The console output from a successful benchmark run looks similar to this:

```
Metric                    |Value
------                    |-----
Concurrency               |20 workers
Benchmark Duration        |15.00s
Total Requests            |14812
Successful Requests       |14792
Failed Requests           |20
Request Throughput (RPS)  |987.43 reqs/s
Success Rate              |99.86%
Average Latency           |20.19323ms
p50 (Median) Latency      |18.434648ms
p90 Latency               |25.100565ms
p95 Latency               |35.121596ms
p99 Latency               |41.767094ms
```

## 4. Explore Grafana Dashboards

Grafana is preconfigured to run locally with zero manual login overhead. Anonymous access is enabled with Admin permissions by default.

### Grafana Access

1. **Access URL:** Open [http://localhost:3000](http://localhost:3000) in your browser.
2. **Authentication:** Anonymous login is active. If prompted for login credentials, use Username: `admin` and Password: `admin`.
3. **Dashboards:** Navigate to **Dashboards**, open the `px0` folder, and open the preconfigured `px0 Service Dashboard`.

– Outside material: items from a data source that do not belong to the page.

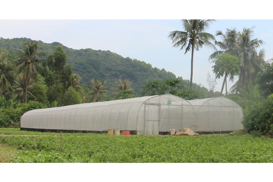 Mô hình nhà lưới trồng rau an toàn nằm trong thung lũng bằng phẳng gần bờ biển.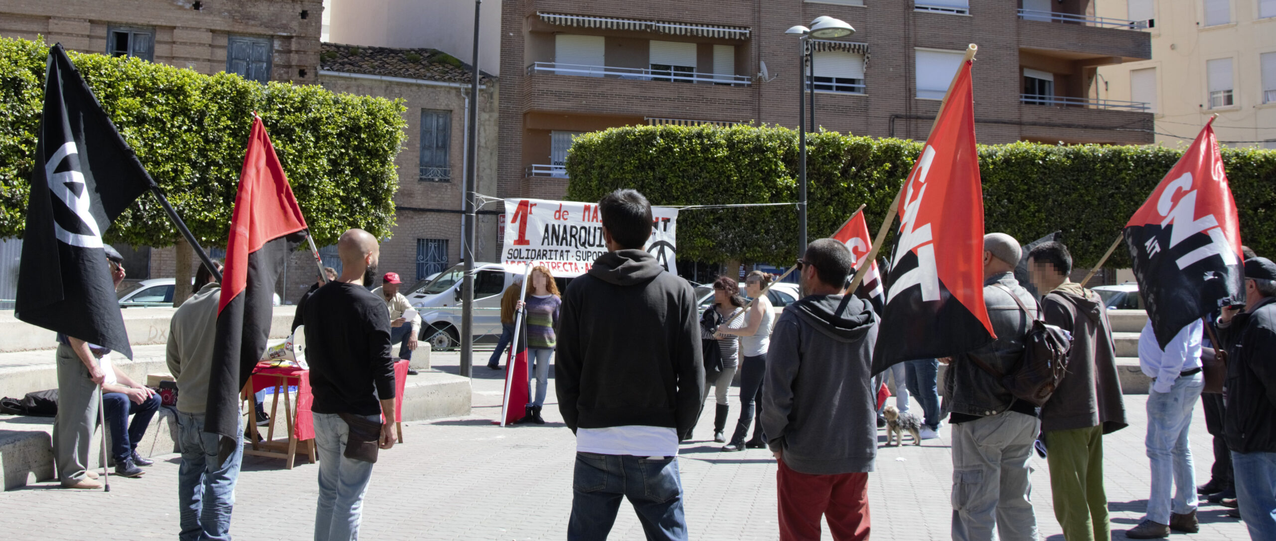 A partir de las 11h una treintena de personas nos hemos manifestado en la Plaza de la Morería, entorno a la pancarta «1º de Mayo Anarquista. Solidaridad, Apoyo Mutuo, Acción Directa, Autogestión». Seguidamente varios compañeros, tanto del sindicato de Sagunt, como de varios sindicatos de la Regional de Levante, han tomado la palabra para leer nuestro manifiesto y hacer varios discursos que han recordado los orígenes del 1º de Mayo, y han abundado en la necesidad de la organización obrera anarquista para la abolición del trabajo y la emancipación social.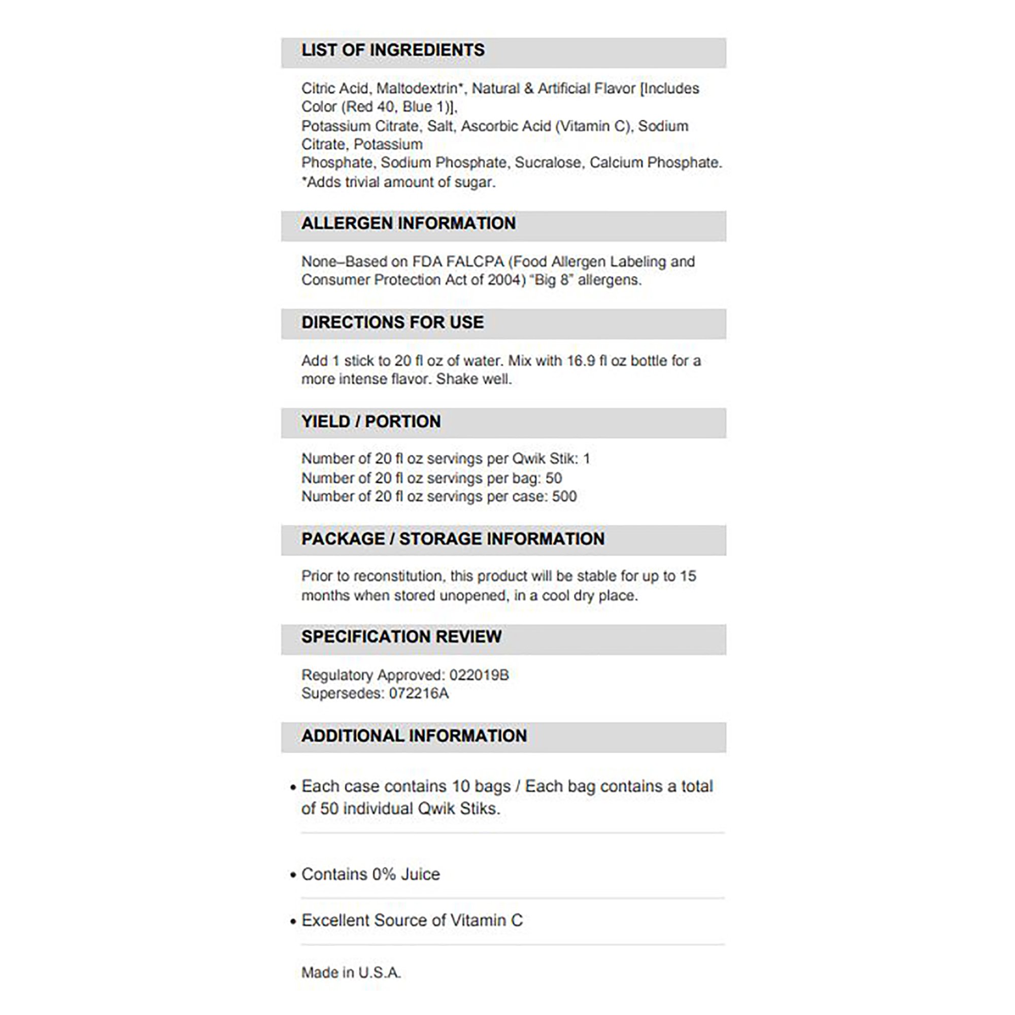 Sqwincher® Quik Stik® Zero Fruit Punch Electrolyte Replenishment Drink Mix, 0.11 oz. Packet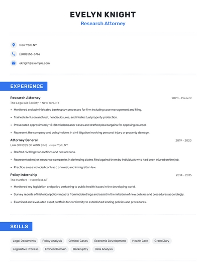 Build a professional research attorney resume in minutes. Browse through our resume examples to identify the best way to word your resume. Then choose from 5+ resume templates to create your research attorney resume.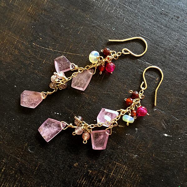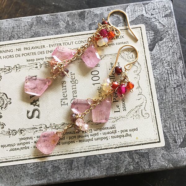 グラスフィールド加工されたつややかなルビーのスライスタンブルと、キラキラ光る赤い天然石を数種類合わせた、華やかで女性らしいロングピアスです。
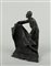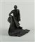 A bronze statue of an Arab carpet merchant, in Bergmann style.
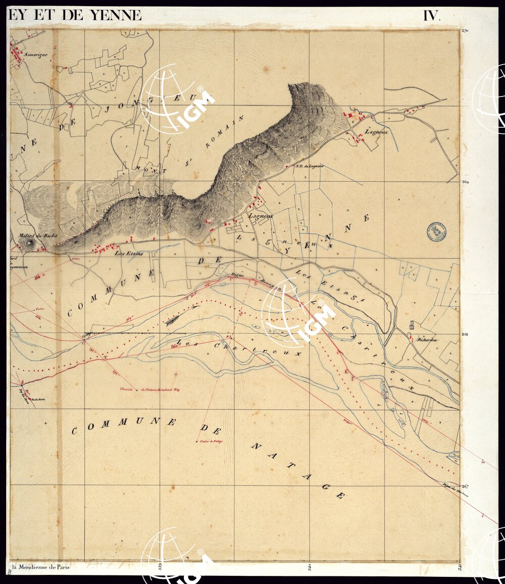 Disegno a penna su carta lucida, probabilmente copia di un disegno originale. La carta si compone di 21 fogli (dei quali i primi 4 in due parti) ed un quadro d’unione per cui complessivamente consta di 26 grandi fogli non totalmente riempiti. E’ riprodotto il corso del Rodano da un punto a circa 2 km. a monte di Anglefort sino alla confluenza del Guiers ed il corso di quest’ultimo sino al Pont Saint Martin poco a monte di Les Echelles. Il disegno è in azzurro per le acque, in rosso per i fabbricati, le dighe, il confine e le misure di riferimento; in nero per la rete stradale, il tratteggio orografico e le scritture. Il Quadro d’Unione alla scala di 1:100.000 porta in calce un elenco di 42 posizioni determinate per le loro coordinate rettangolari riferite alla meridiana ed alla perpendicolare di Parigi in base alle quali è tracciato il reticolato cassiniano della Carta. Documento interessante per la topografia storica dei fiumi rappresentati.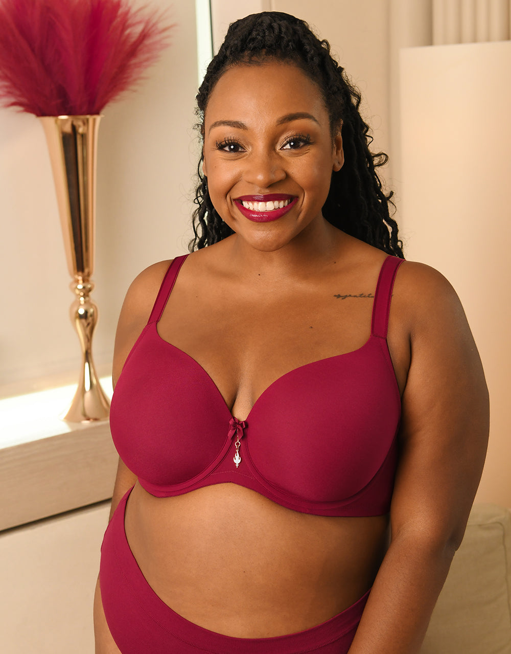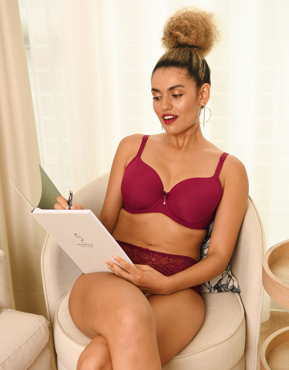 True is the ideal basic bra for comfortable everyday wear! The T-shirt bra in elegant bordeaux impresses with its classic design and is almost invisible under tight clothing thanks to the seamless cups.

### Key Metrics to Monitor

When running a benchmark, observe the following visualizations on the dashboard:

* **HTTP Request Rate (RPS):** Tracks the real-time throughput of the application.
* **HTTP Latency (p95 and p99):** Visualizes tail latencies to detect performance degradation under load.
* **Active and In-flight Requests:** Measures the active concurrent requests being processed by the Go web server.
* **System Resources:** Tracks host and container CPU/memory usage to help you identify hardware bottlenecks.